Entries provided:
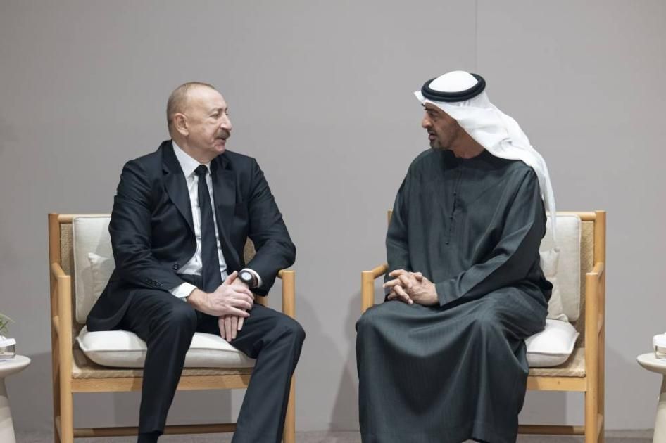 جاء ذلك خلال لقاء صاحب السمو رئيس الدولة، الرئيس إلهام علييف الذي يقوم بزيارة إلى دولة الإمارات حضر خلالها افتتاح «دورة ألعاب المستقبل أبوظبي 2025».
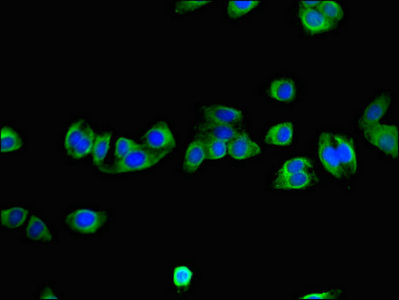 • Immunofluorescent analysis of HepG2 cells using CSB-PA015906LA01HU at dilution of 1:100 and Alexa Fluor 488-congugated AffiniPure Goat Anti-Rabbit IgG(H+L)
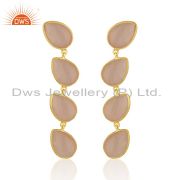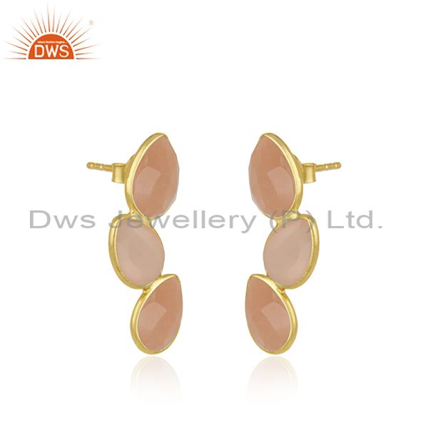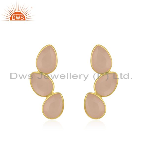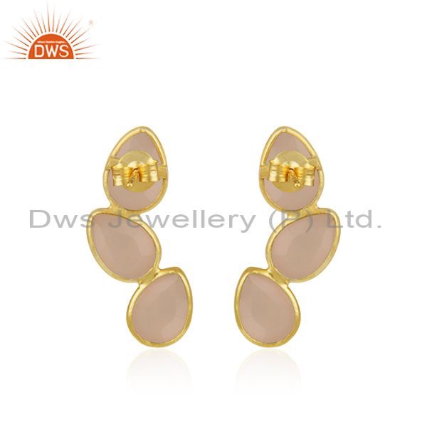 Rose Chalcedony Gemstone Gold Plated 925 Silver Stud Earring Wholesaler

---

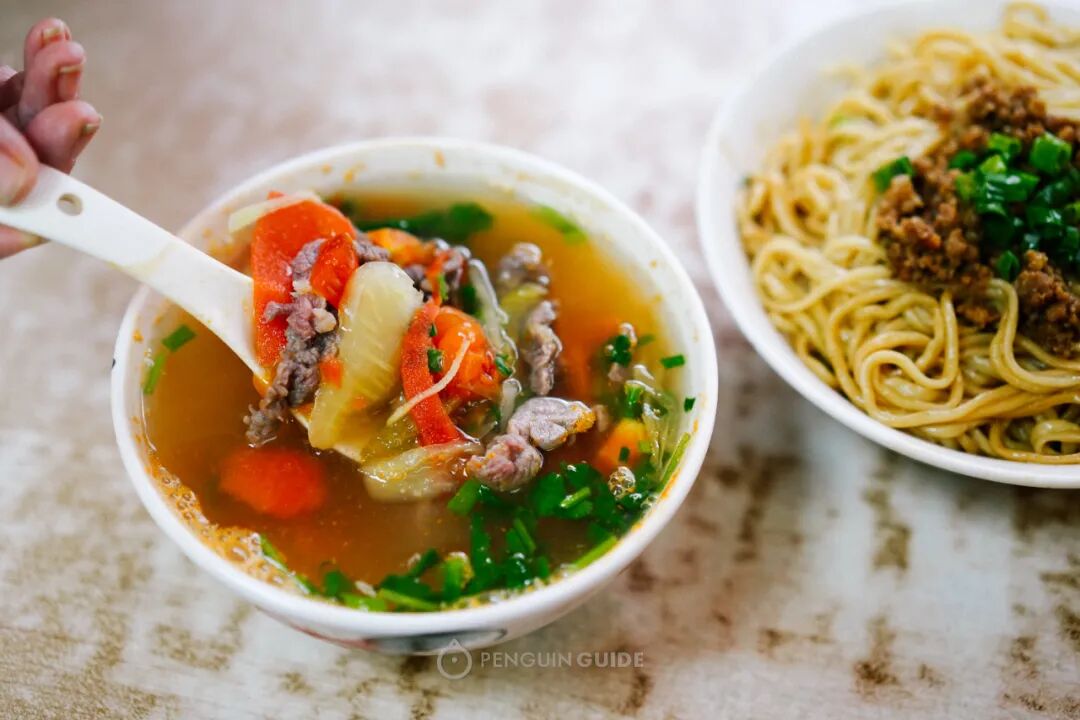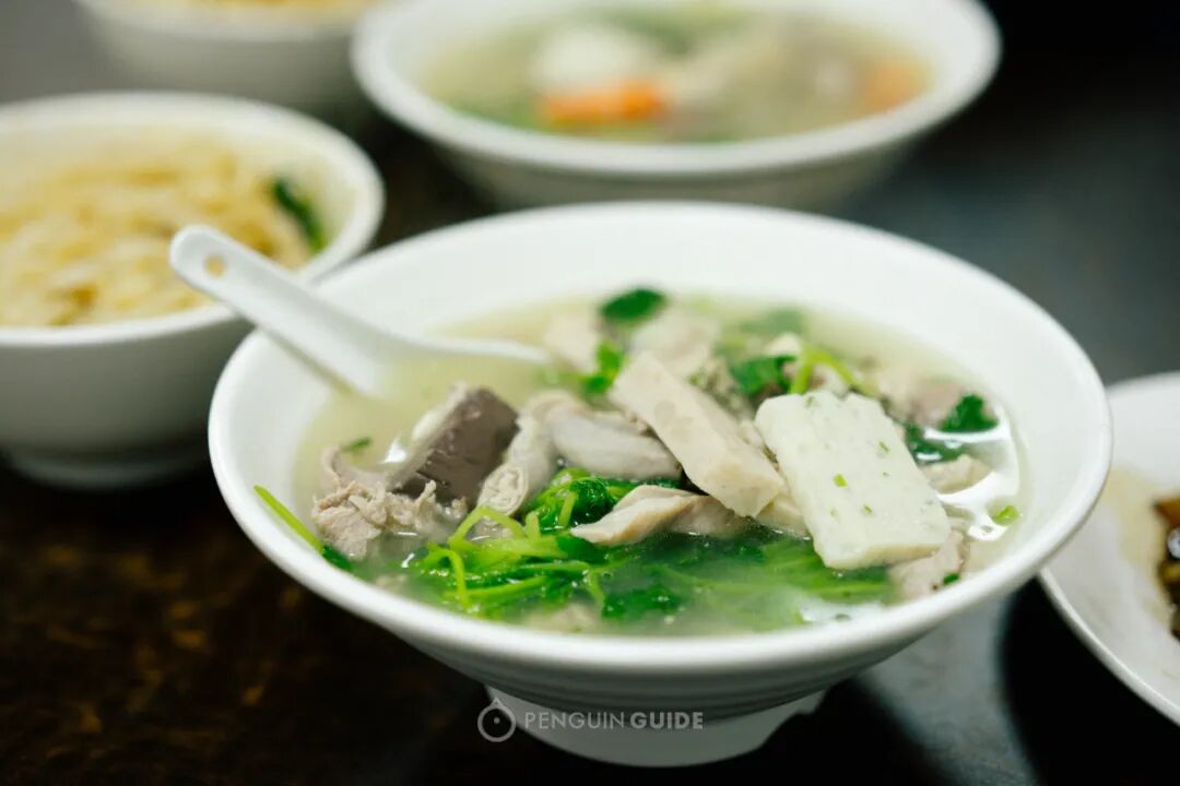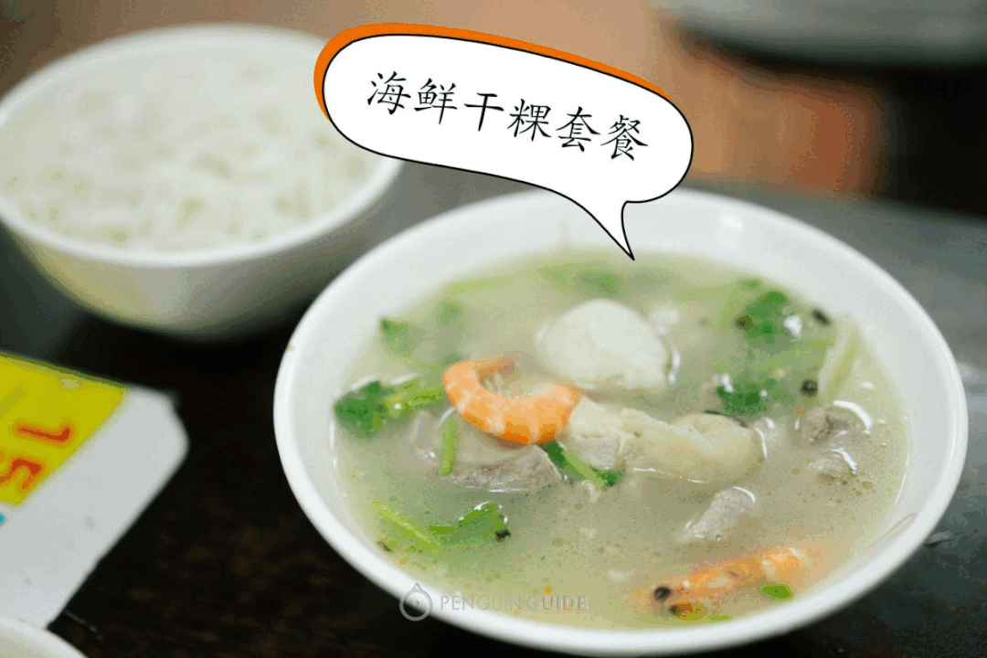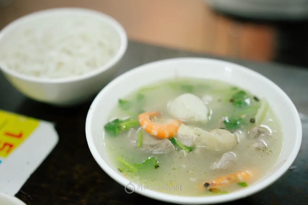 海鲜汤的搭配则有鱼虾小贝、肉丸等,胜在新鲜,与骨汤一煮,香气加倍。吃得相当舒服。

What this task involves:
Exactly the lines above from the one that contains "جاء ذلك خلال" down to the one that contains "Rose Chalcedony Gemstone" are to be output, both ends kept and pictures omitted.

Exercise result:
 جاء ذلك خلال لقاء صاحب السمو رئيس الدولة، الرئيس إلهام علييف الذي يقوم بزيارة إلى دولة الإمارات حضر خلالها افتتاح «دورة ألعاب المستقبل أبوظبي 2025».
 • Immunofluorescent analysis of HepG2 cells using CSB-PA015906LA01HU at dilution of 1:100 and Alexa Fluor 488-congugated AffiniPure Goat Anti-Rabbit IgG(H+L)
 Rose Chalcedony Gemstone Gold Plated 925 Silver Stud Earring Wholesaler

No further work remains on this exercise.